TEMPO.CO, Jakarta - Pembina Federasi Guru dan Tenaga Honorer Swasta Indonesia (FGTHSI) Didi Suprijadi meminta Kementerian Pendidikan dan Kebudayaan merevisi salah satu syarat pembayaran guru honorer dengan menggunakan dana Bantuan Operasional Sekolah atau dana BOS.
“Saya minta syarat NUPTK (Nomor Unik Pendidik dan Tenaga Kependidikan) dihilangkan dulu,” kata Didi dalam diskusi Polemik Trijaya di Hotel Ibis, Jakarta, Sabtu, 15 Februari 2020.

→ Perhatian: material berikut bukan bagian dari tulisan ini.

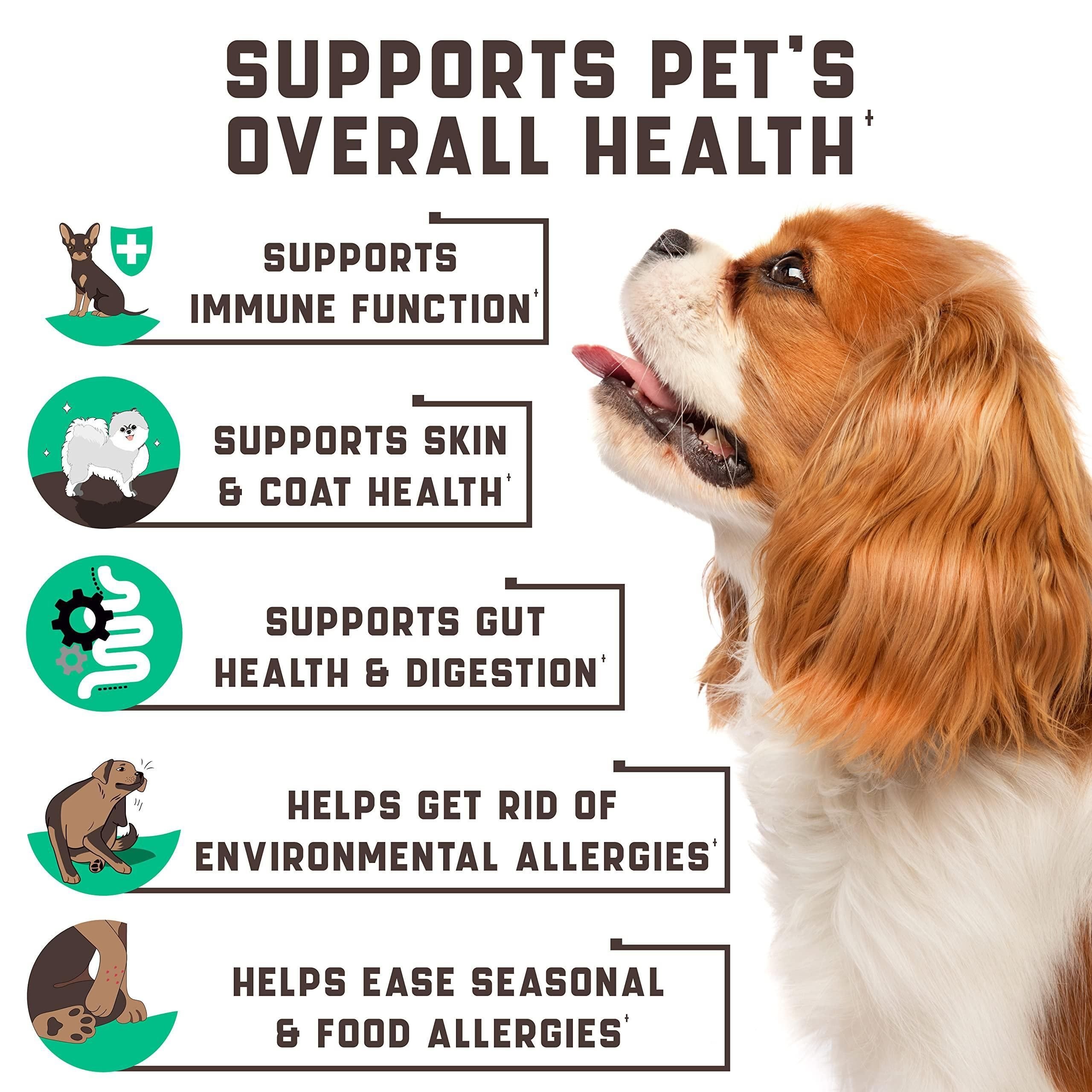 2.immune support: dog allergy supplement includes a powerful 5-strain probiotic blend for supporting your pet's immune system & digestion. allergy chews for dogs itching also help deal with ear, eye, nose issues.

Dalam kebijakan penyaluran dan penggunaan dana BOS yang baru, pembayaran honor guru honorer dapat menggunakan dana BOS. Syaratnya, guru sudah memiliki NUPTK, belum memiliki sertifikasi pendidik, serta sudah tercatat di Data Pokok Pendidikan (Dapodik) sebelum 31 Desember 2019.

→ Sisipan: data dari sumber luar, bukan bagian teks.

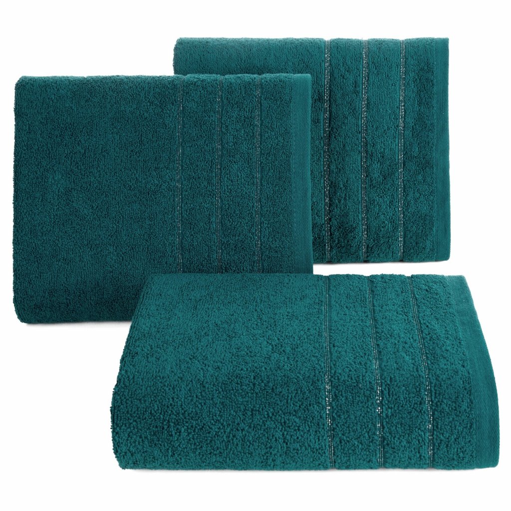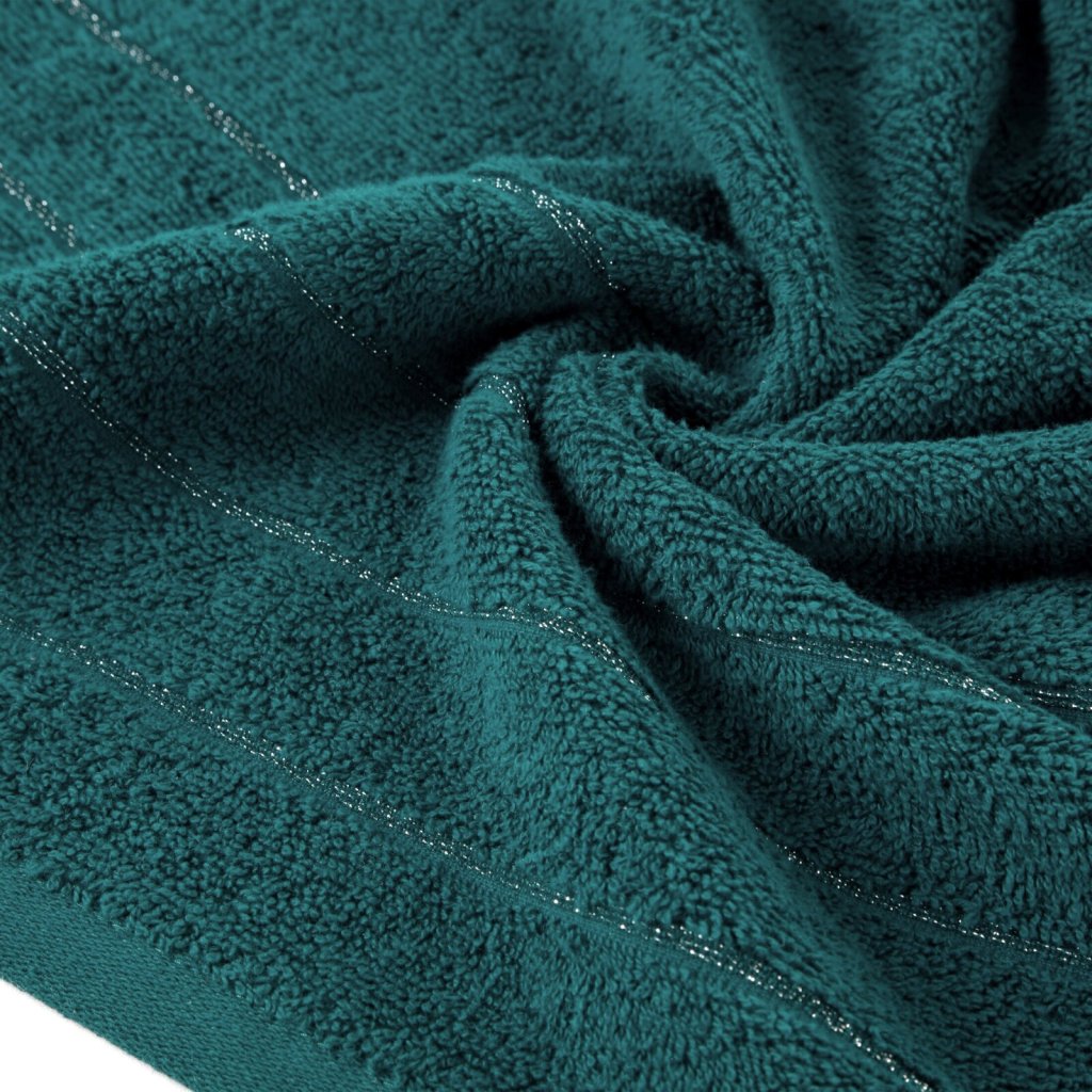 Ručník zdobený lesklou nití, šířka: 50 cm, délka: 90 cm, barva: tyrkysová, hmotnost: 500 GSM, složení: 100% bavlna; dekorativní část: 95% bavlna, 5% polyester.Doplňkové parametry

Masalahnya, kata Didi, tidak semua guru honorer memiliki NUPTK. Sebab, pemerintah daerah enggan menerbitkan SK NUPTK tersebut.

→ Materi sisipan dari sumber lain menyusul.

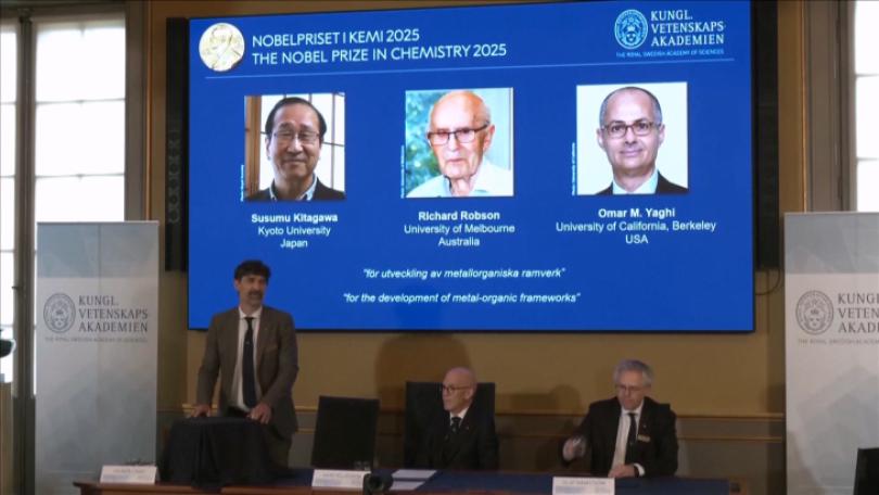 諾貝爾獎(Nobel Prize)台灣時間8日傍晚公布2025年化學獎得主,由日本京都大學教授北川進(Susumu Kitagawa)、澳洲墨爾本大學教授羅布森(Richard Robson),以及美國加州大學柏克萊分校教授雅吉(Omar Yaghi),因「在金屬有機骨架發展上的貢獻」而共同獲得該項殊榮。

“Karena dianggap kalau keluarkan NUPTK dianggap mengakui guru honorer. Lah itu jadi persoalan padahal dia guru mengajar di sekolah-sekolah negeri. Tapi dia (pemda) enggak mau mengakui. Kerjaannya disuruh kerja iya, tapi statusnya tidak diakui. Zolim enggak? Zolim,” kata Didi.
Dari total 1,1 juta guru honorer di seluruh Indonesia, menurut Didi, baru 100 ribuan orang yang sudah memiliki NUPTK. Sejumlah pemda yang peduli dan mau mengeluarkan NUPTK di antaranya Sidoarjo, Probolinggo, Blitar, Magelang, dan Subang.
Menurut Didi, persyaratan terdaftar dalam Dapodik saja sebetulnya cukup. Sebab, guru dan tenaga kependidikan yang sudah terdata dalam Dapodik artinya sudah bekerja minimal dua tahun. Sehingga, guru yang baru masuk pada 2020, tidak akan masuk di data tersebut. "Di Dapodik sudah jelas, mengajarnya, mata pelajarannya, basecamp-nya, namanya, semua jelas di Dapodik. Jadi dengan data Dapodik insya Allah tidak akan keliru,” kata Didi.